Melatonin has been recognized to slow breast cancer growth. The molecular mechanisms may involve long non-coding RNAs (lncRNAs). However, little is known on how melatonin affects lncRNA expression and function in breast cancer. We used microarrays to explore the expression profile of mRNAs and lncRNAs in melatonin-treated breast cancer cells. Kyoto encyclopedia of genes and genomes (KEGG) and Reactome pathways analysis were performed to identify the signaling pathways affected by altered expressed mRNAs after melatonin treatment. To explore the functions and mechanisms of the selected differentially expressed mRNA and lncRNA in breast cancer, we performed a series of experiments.

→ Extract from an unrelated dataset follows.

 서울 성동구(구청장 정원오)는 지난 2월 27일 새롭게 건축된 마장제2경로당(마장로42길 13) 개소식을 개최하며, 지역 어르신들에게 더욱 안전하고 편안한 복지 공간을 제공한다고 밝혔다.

We found that FK506-binding protein 3 (FKBP3) and lnc010561 were downregulated in melatonin-treated breast cancer cells. Knockdown of FKBP3 and lnc010561 inhibited breast cancer proliferation and invasion, and induced apoptosis. Also, lnc010561 and FKBP3 functioned as competing endogenous RNAs (ceRNAs) for miR-30. Our findings suggested that melatonin regulated breast cancer progression by the lnc010561/miR-30/FKBP3 axis. Melatonin may, therefore, function as an anticancer strategy for breast cancer.

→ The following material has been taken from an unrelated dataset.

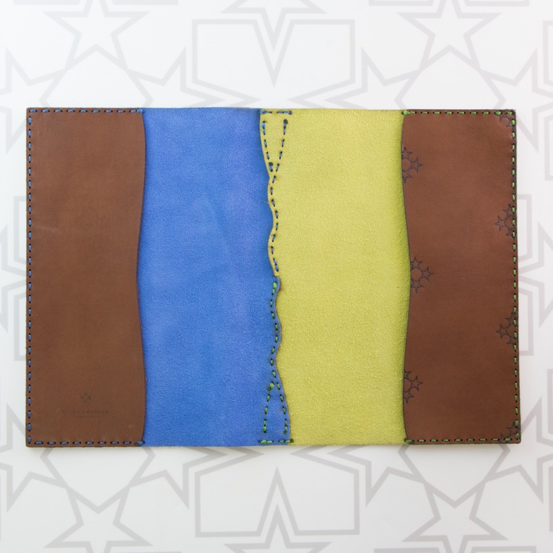 なめらかで手触りの良いスエードを使用したブックカバーです。背表紙の部分で波型に切り返しが入ったツートンカラーで手帳や本を彩ります。小さなふたつの星がワンポイントになったシンプルで使いやすいデザインです。B6判以外にも、A6判の文庫本サイズ、新書判サイズ、A5判、B5判、全5種類の豊富なサイズをご用意しております。※画像3枚目は装着イメージです。

褪黑激素已经被认为可以减缓乳腺癌的生长。分子机制可能涉及长的非编码RNA（lncRNA）。然而，关于褪黑激素如何影响乳腺癌中lncRNA表达和功能的知之甚少。我们使用微阵列来探索褪黑素治疗的乳腺癌细胞中mRNA和lncRNA的表达情况。进行了京都基因和基因组百科全书（KEGG）和Reactome途径分析，以确定褪黑素处理后受表达mRNA改变影响的信号传导途径。为了探索乳腺癌中差异表达的mRNA和lncRNA的功能和机制，我们进行了一系列实验。我们发现在褪黑素治疗的乳腺癌细胞中，FK506结合蛋白3（FKBP3）和lnc010561被下调。抑制FKBP3和lnc010561抑制乳腺癌的增殖和侵袭，并诱导细胞凋亡。另外，lnc010561和FKBP3充当miR-30的竞争内源RNA（ceRNA）。我们的发现表明褪黑激素通过lnc010561 / miR-30 / FKBP3轴调节乳腺癌的进展。因此，褪黑激素可以作为乳腺癌的抗癌策略。